As investors sifted through a slew of earnings reports they worried that while companies such as Siemens and DaimlerChrysler may be beating consensus estimates few firms are boasting an improvement in sales or profits compared with a year earlier.

"Consensus estimates have been met mostly through cost cutting, there is very little evidence of sales growth still or capital expenditure,'' said Paul Casson, an investment manager at SVM Asset Management, which controls about 1.5 billion euros.

Solid Siemens, DaimlerChrysler

Siemens climbed over four percent after beating market expectations for third-quarter earnings, helped by a strong performance at its medical unit.

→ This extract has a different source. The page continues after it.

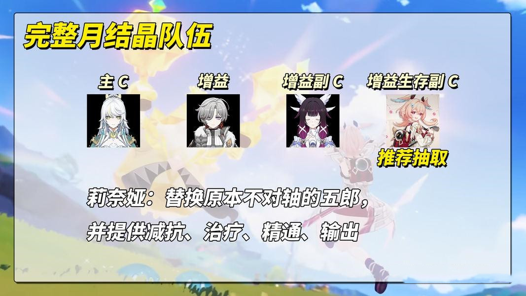 莉奈娅取代了原队伍中的五郎位置,无需再学习缩轴操作,同时还能提供减抗、元素精通、月结晶基础伤害加成、治疗以及副C输出能力。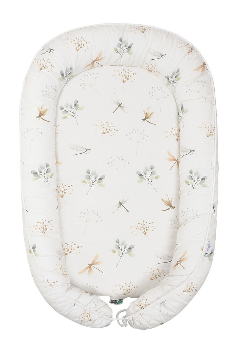 Bavlněné hnízdečko Dragonfly o rozměrech 80x55 cm s něžným vzorem ptáčků na bílém pozadí zajistí vašemu miminku maximální komfort a klidný spánek. Měkký a prodyšný potah ze 100% bavlny je šetrný k jemné dětské pokožce. Lehká a nadýchaná výplň ze silikonové netkané textilie (100% polyester) zaručuje optimální tepelnou izolaci.

Core profits at the world's fifth-biggest carmaker DaimlerChrysler sank by nearly two thirds in the second quarter, hit by losses at its U.S. Chrysler arm, but the shares rose 3.8 percent as the drop was not as bad as feared and the auto giant clung to its full-year profit guidance.

"It's interesting how at Siemens and at Daimler the picture has been the same. Weak sales and strong earnings,'' said Susan Levermann, fund manager at Germany's largest investment fund DWS.

DaimlerChrysler shares jumped as much as 5.5 percent, its biggest one-day gain in nearly a month which added 1.7 billion euros to its market value.

"The share price reaction shows how cautious people were about this firm (DaimlerChrysler) ahead of the results. The earnings were good, especially in trucks, which probably reflects good discipline,'' Levermann added.

Telecoms were also strong after Telefonica's dividend hike on Wednesday threw the sector's cash generation into sharp relief.

"Telecoms are highly prized for their cash generating ability. KPN may be the next to announce a dividend,'' said Paul Casson an investment manager at SVM Asset Management, which controls about 1.5 billion euros.

Vodafone, the world's largest mobile phone group by revenue, closed 4.4 percent up.

Also in London, shares in insurer Legal & General closed 5.7 percent higher after a surprise dividend hike.

Royal Dutch/Shell Group, the world's second-largest oil firm, reported a consensus-beating 51 percent rise in second-quarter profits but said it would not buy back more shares this year.

Although the rise in profits came in above market forecasts, Shell shares fell 0.1 percent amid some disappointment on the buyback front.

AstraZeneca rose 2.4 percent after raising its guidance for full-year earnings, despite reporting a 13 percent fall in second-quarter earnings in the face of generic competition to three drugs.

But shares in Europe's second-biggest carmaker PSA Peugeot Citroen tumbled as much as 6.1 percent after posting a slide in first-half profits on Thursday and cutting key full-year forecasts due to the strong euro and slumping demand, particularly in France.